● **What to work on**
Where an image occurs, skip it and print the rest of the records verbatim.

● **Dataset entries**
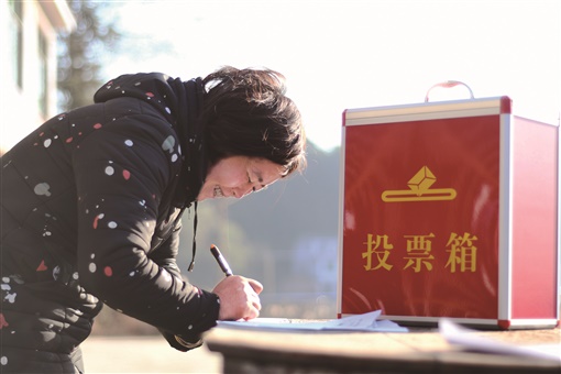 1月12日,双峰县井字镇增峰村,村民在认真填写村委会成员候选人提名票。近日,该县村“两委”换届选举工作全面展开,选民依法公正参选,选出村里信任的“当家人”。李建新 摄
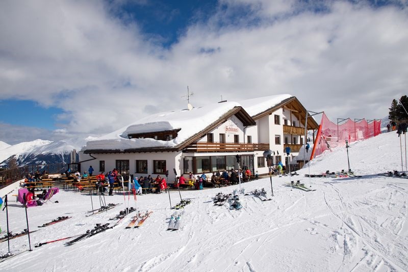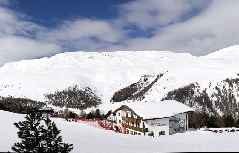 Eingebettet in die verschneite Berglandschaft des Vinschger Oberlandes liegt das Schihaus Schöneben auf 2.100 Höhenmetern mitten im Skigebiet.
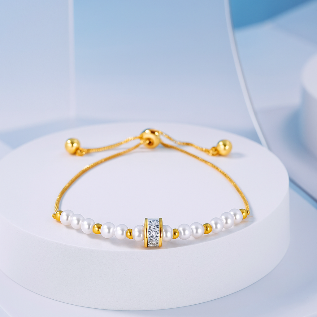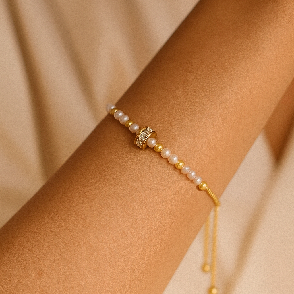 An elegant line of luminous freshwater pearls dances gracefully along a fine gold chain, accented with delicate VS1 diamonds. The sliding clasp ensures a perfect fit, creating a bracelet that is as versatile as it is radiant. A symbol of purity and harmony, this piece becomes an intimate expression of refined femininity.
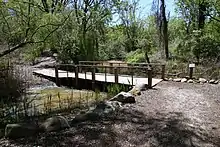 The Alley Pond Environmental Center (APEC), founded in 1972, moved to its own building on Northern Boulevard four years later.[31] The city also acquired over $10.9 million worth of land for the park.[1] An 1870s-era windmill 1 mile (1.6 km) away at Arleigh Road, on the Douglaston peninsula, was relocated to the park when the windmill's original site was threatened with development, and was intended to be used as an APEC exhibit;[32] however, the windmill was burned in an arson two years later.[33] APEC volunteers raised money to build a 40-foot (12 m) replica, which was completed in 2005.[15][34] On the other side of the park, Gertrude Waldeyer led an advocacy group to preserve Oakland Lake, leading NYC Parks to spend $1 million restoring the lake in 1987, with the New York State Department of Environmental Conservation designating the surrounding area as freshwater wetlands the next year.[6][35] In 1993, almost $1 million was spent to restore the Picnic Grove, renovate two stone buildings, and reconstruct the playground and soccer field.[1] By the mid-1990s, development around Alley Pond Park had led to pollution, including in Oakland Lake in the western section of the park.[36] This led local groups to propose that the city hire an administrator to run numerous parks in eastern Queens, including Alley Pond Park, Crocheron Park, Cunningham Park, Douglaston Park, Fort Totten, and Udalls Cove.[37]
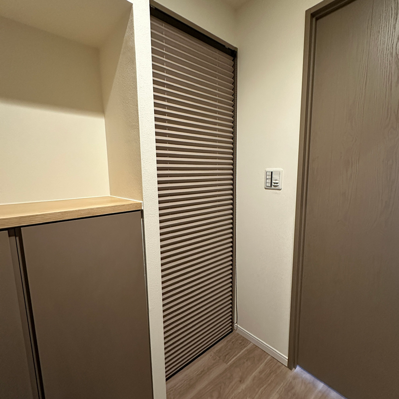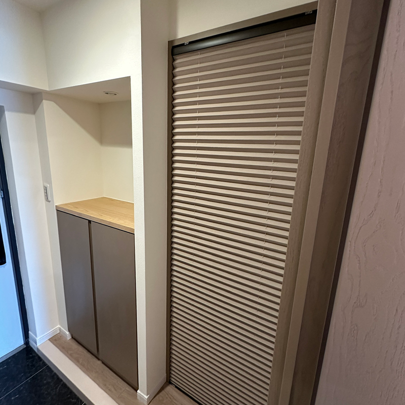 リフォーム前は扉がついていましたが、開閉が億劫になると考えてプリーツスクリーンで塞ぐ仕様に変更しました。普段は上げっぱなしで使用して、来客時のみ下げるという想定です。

● **Exercise solution**
 1月12日,双峰县井字镇增峰村,村民在认真填写村委会成员候选人提名票。近日,该县村“两委”换届选举工作全面展开,选民依法公正参选,选出村里信任的“当家人”。李建新 摄
 Eingebettet in die verschneite Berglandschaft des Vinschger Oberlandes liegt das Schihaus Schöneben auf 2.100 Höhenmetern mitten im Skigebiet.
 An elegant line of luminous freshwater pearls dances gracefully along a fine gold chain, accented with delicate VS1 diamonds. The sliding clasp ensures a perfect fit, creating a bracelet that is as versatile as it is radiant. A symbol of purity and harmony, this piece becomes an intimate expression of refined femininity.
 The Alley Pond Environmental Center (APEC), founded in 1972, moved to its own building on Northern Boulevard four years later.[31] The city also acquired over $10.9 million worth of land for the park.[1] An 1870s-era windmill 1 mile (1.6 km) away at Arleigh Road, on the Douglaston peninsula, was relocated to the park when the windmill's original site was threatened with development, and was intended to be used as an APEC exhibit;[32] however, the windmill was burned in an arson two years later.[33] APEC volunteers raised money to build a 40-foot (12 m) replica, which was completed in 2005.[15][34] On the other side of the park, Gertrude Waldeyer led an advocacy group to preserve Oakland Lake, leading NYC Parks to spend $1 million restoring the lake in 1987, with the New York State Department of Environmental Conservation designating the surrounding area as freshwater wetlands the next year.[6][35] In 1993, almost $1 million was spent to restore the Picnic Grove, renovate two stone buildings, and reconstruct the playground and soccer field.[1] By the mid-1990s, development around Alley Pond Park had led to pollution, including in Oakland Lake in the western section of the park.[36] This led local groups to propose that the city hire an administrator to run numerous parks in eastern Queens, including Alley Pond Park, Crocheron Park, Cunningham Park, Douglaston Park, Fort Totten, and Udalls Cove.[37]
 リフォーム前は扉がついていましたが、開閉が億劫になると考えてプリーツスクリーンで塞ぐ仕様に変更しました。普段は上げっぱなしで使用して、来客時のみ下げるという想定です。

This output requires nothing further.